=== TASK TO CARRY OUT ===
Would you please transcribe the listing exactly, with no images?

-- Opening Marker --

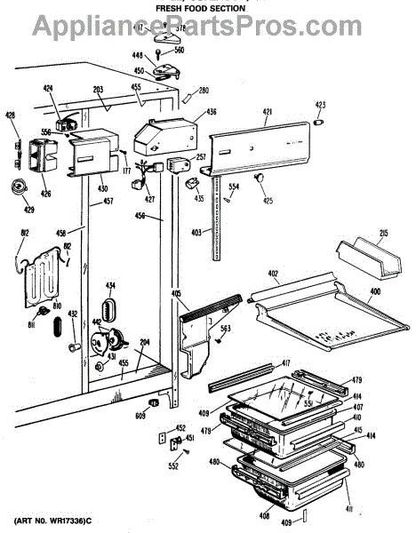 The Drawer Slide Assembly is an OEM part for GE refrigerators. It allows for smooth and easy movement of the refrigerator drawers, ensuring convenient access to stored food items. It provides the necessary support and stability to hold the weight of the contents within the drawers. The slide measures approximately 16 1/4 inches long.
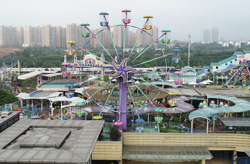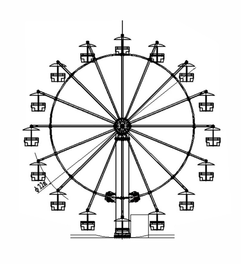 ?型摩天輪可承載48?,主要由?柱、塔頭、旋轉頭、轉輪、避雷針、吊籃、驅動裝置和電?系統等組成,并配備燈光和?響。設備外觀萌趣、造型?巧精致,能為樂園??提升歡樂?氛,是公園和游樂場很受歡迎的觀覽游樂設備。
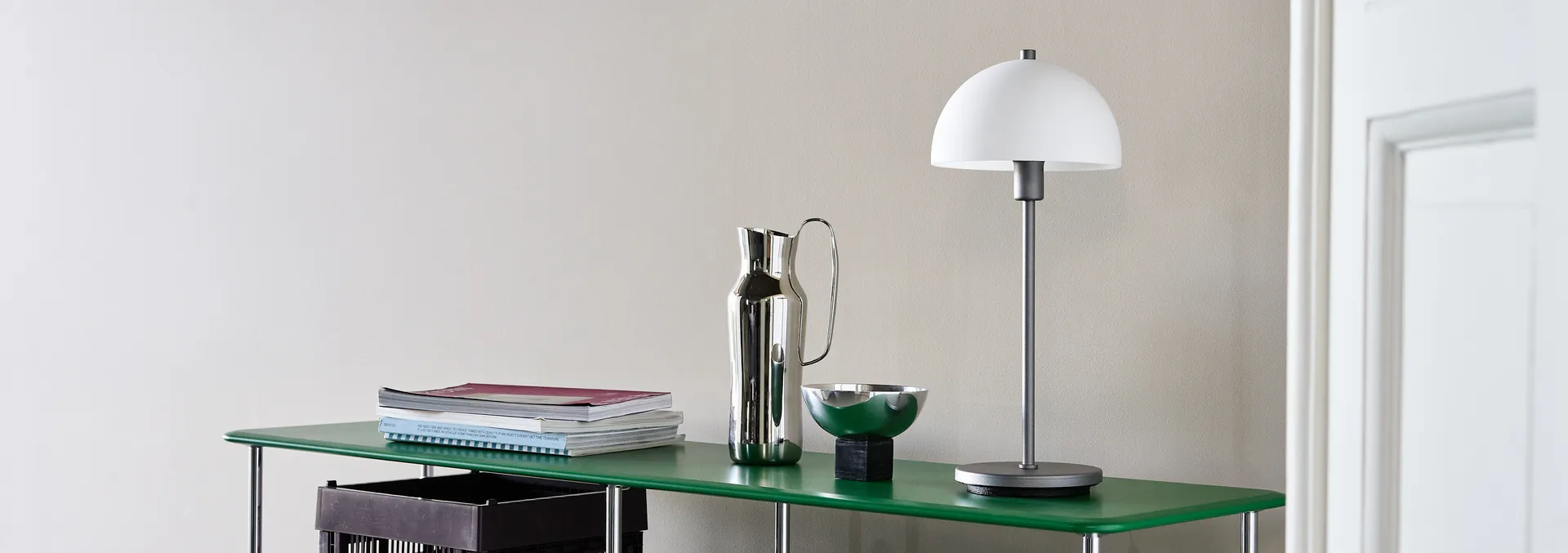 La lámpara de mesa Vienda X de la marca de iluminación danesa Herstal es un modelo más actualizado de la clásica lámpara Vienda. A diferencia de su predecesor, este modelo de lámpara tiene una base más pesada y elegante, hecha en acero oxidado con revestimiento en mate, y tiene una pantalla en vidrio opalino. La lámpara de mesa es ideal para colocar en la mesita de noche o en un aparador.
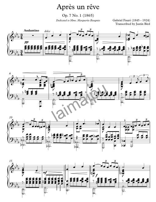 福雷: 梦后 (目前断版) (Faure: Apres un reve, Op. 7 No. 1)
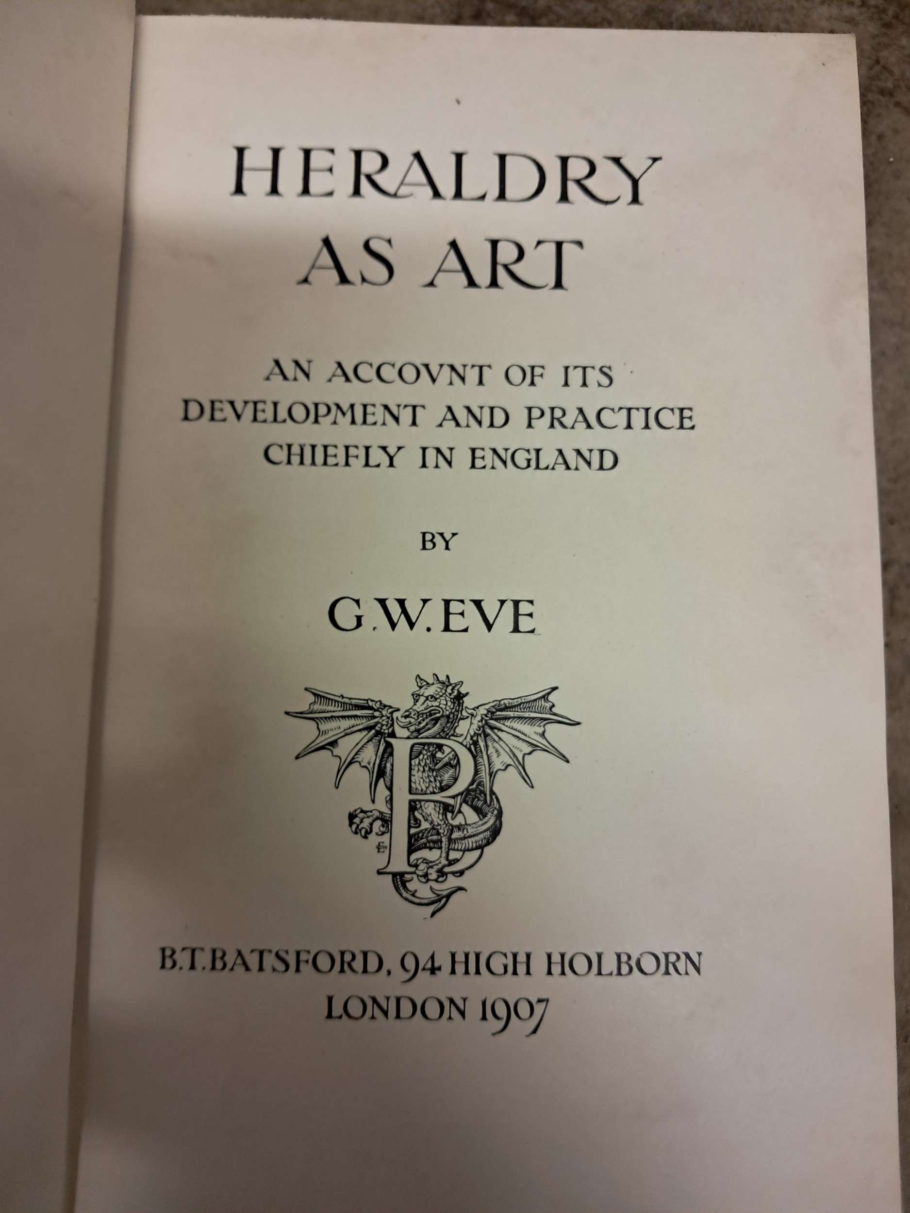 G.W. Eve "Heraldry as Art" Great Britian and Ireland" 2 Volumes Cole "Heraldry Decoration and Floral Forms" G.W. Eve "Heraldry as Art"
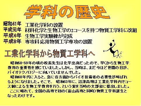 物質工学科の前身である工業化学科は、本校設置に5年遅れて、昭和41年にできました。平成元年には、バイオテクノロジーに関する教育課程を取り入れ、物質工学科になりました。平成8年には、専攻科・応用物質工学専攻ができ、実質上4年制大学と同じになりました。
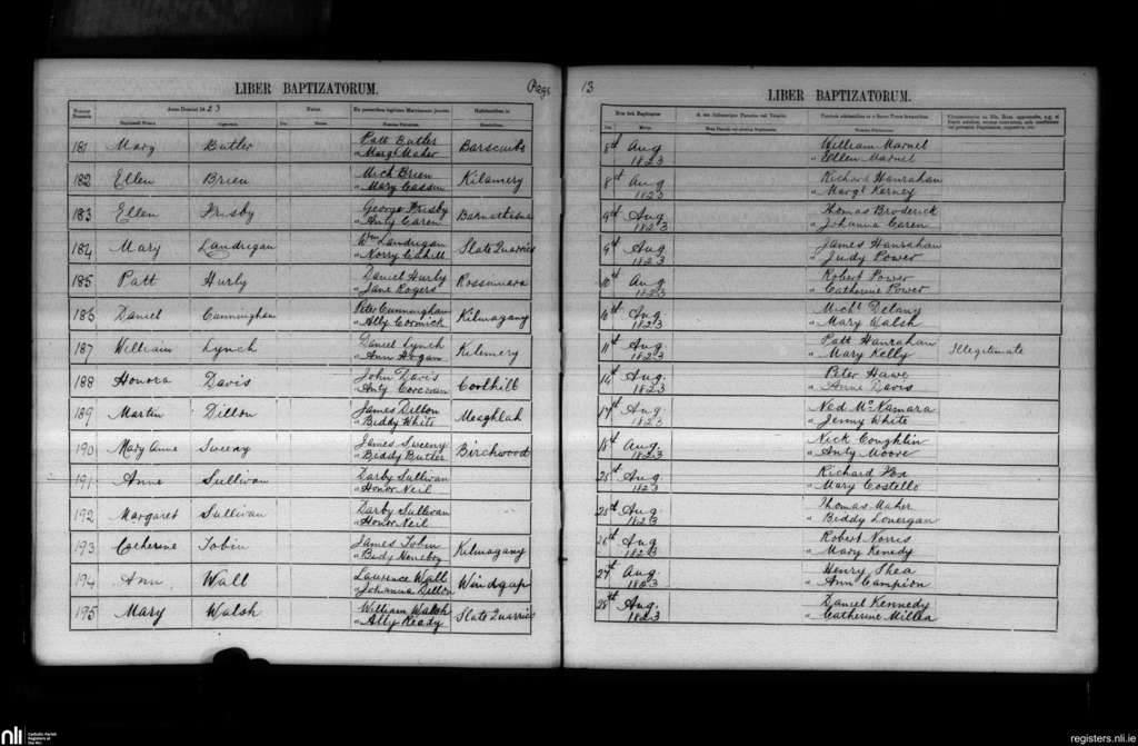 Windgap; County of Kilkenny; Diocese of Ossory. Baptisms, Aug. 1823

-- Closing Marker --

=== SOLUTION ===
 The Drawer Slide Assembly is an OEM part for GE refrigerators. It allows for smooth and easy movement of the refrigerator drawers, ensuring convenient access to stored food items. It provides the necessary support and stability to hold the weight of the contents within the drawers. The slide measures approximately 16 1/4 inches long.
 ?型摩天輪可承載48?,主要由?柱、塔頭、旋轉頭、轉輪、避雷針、吊籃、驅動裝置和電?系統等組成,并配備燈光和?響。設備外觀萌趣、造型?巧精致,能為樂園??提升歡樂?氛,是公園和游樂場很受歡迎的觀覽游樂設備。
 La lámpara de mesa Vienda X de la marca de iluminación danesa Herstal es un modelo más actualizado de la clásica lámpara Vienda. A diferencia de su predecesor, este modelo de lámpara tiene una base más pesada y elegante, hecha en acero oxidado con revestimiento en mate, y tiene una pantalla en vidrio opalino. La lámpara de mesa es ideal para colocar en la mesita de noche o en un aparador.
 福雷: 梦后 (目前断版) (Faure: Apres un reve, Op. 7 No. 1)
 G.W. Eve "Heraldry as Art" Great Britian and Ireland" 2 Volumes Cole "Heraldry Decoration and Floral Forms" G.W. Eve "Heraldry as Art"
 物質工学科の前身である工業化学科は、本校設置に5年遅れて、昭和41年にできました。平成元年には、バイオテクノロジーに関する教育課程を取り入れ、物質工学科になりました。平成8年には、専攻科・応用物質工学専攻ができ、実質上4年制大学と同じになりました。
 Windgap; County of Kilkenny; Diocese of Ossory. Baptisms, Aug. 1823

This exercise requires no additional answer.